Wednesday, October 6, 2010

Women of East Germany

This is facinating - a study has found that women raised in East Germany are, well, better. They diet less, make only 6 percent less than men, compared to the West's 26 per cent. They have kids earlier and work full time and have higher-positioned jobs. They have less issues about childcare and balancing work/parenting. Younger childrearing and daycare aren't necessarily positive things in themselves, but the lack of neurosis surrounding them might be. You could argue that sending a kid to daycare at 3 months is too soon, that he needs his mom around him constantly for a little longer. But if the mom, when she does bring him home, feels no guilt, is positive and happy and fulfilled in the time she has with him, that's probably a good thing.

But it makes me think about the positives of growing up in a Communist sustem, which are never, ever talked about. We value freedom above all else, so any system that restricts it is EVIL. But the few people I've met who have grown up under communist rule; my bitchy but brilliant translator in Kazakhstan, Sacha; Xiao Bei, a former Red Guard; the poets we met in Cuba who ran the Writer's Union there; my step-father's good freind who had to build his own computer from the scraps we sent him, piece by piece in the mail. They were so self-sufficiant, such hard-workers, that talking to them made the weaknesses that come from having grown up in the West flare up like a rash.

Sacha had a mind like a steel trap and worked with a focus and energy that blew me away. She wasn't nice, which was startling because, where I'm from, niceness, especially in women, is very important. I mean, most ANTM winners climb to the top based on their "likeability." Presidents are elected based on "likeability." It's a personal softness that indicates the common touch, a relateability. You haven't gotten too big for your britches if you're still likeable.

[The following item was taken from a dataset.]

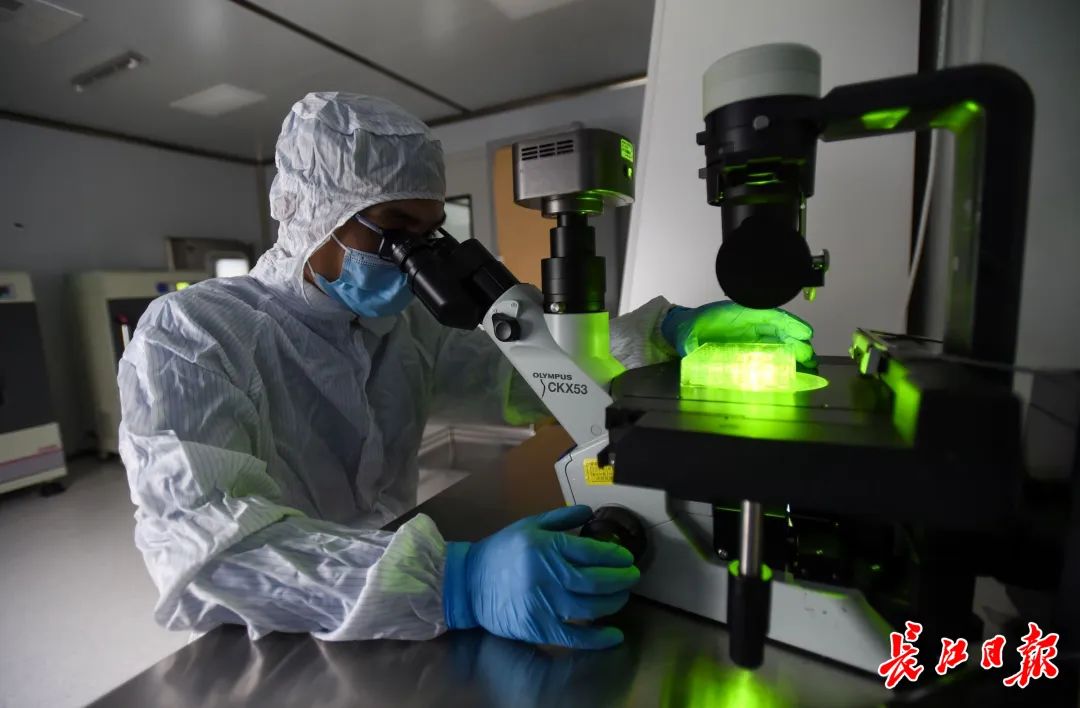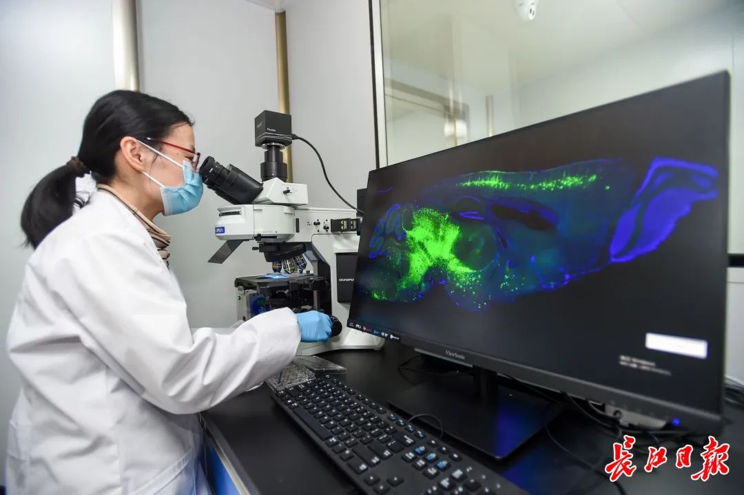 ▲衠奥生物工作人员使用显微镜看脑片病毒的表达情况。长江日报记者许魏巍 摄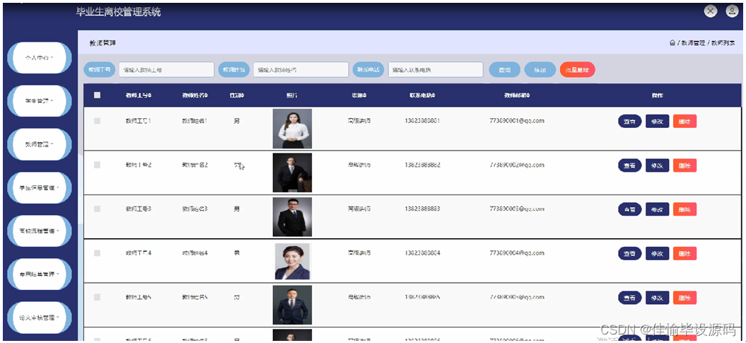 教师管理;在教师管理页面中可以对教师工号,教师姓名,性别,照片,职称,联系电话,教师邮箱等内容进行查看,修改和删除操作;如图5-4所示。

But Sacha grew up not having the luxury of worrying about things like that. Maybe a little hardship produces personal strength, and we've constructed our culture so much around likeability, commonality, individual convenience and comfort; TV watched alone in our living rooms, ect ect, that we've lost a bit of that strength. I know very strong people from North America, of course. But culturally, comfort has taken a big lead in priorities. Comfort and freedom. Maybe that bubble has burst now, though. We're paying the price for easy luxury.

2 comments:

  1. I love this, C. I'm sure Communism has major disadvantages too, but I also think that North Americans (many Westerners) have definitely lost perspective - from the 20th Century onward - with regards to comfort, and even freedom. We create our own pathologies by eschewing the hard truths of capitalism and bury these beneath a flimsy banquet of pop culture.

    ReplyDelete
  2. Totally. Comfort/convenience as a right, rather than privledge. This belief created the housing bubble. Well, the banks and lack of regulation did, but that core belief supplied the need. You must read Freedom by Johanthan Franzen. It lives up to the hype, in spades.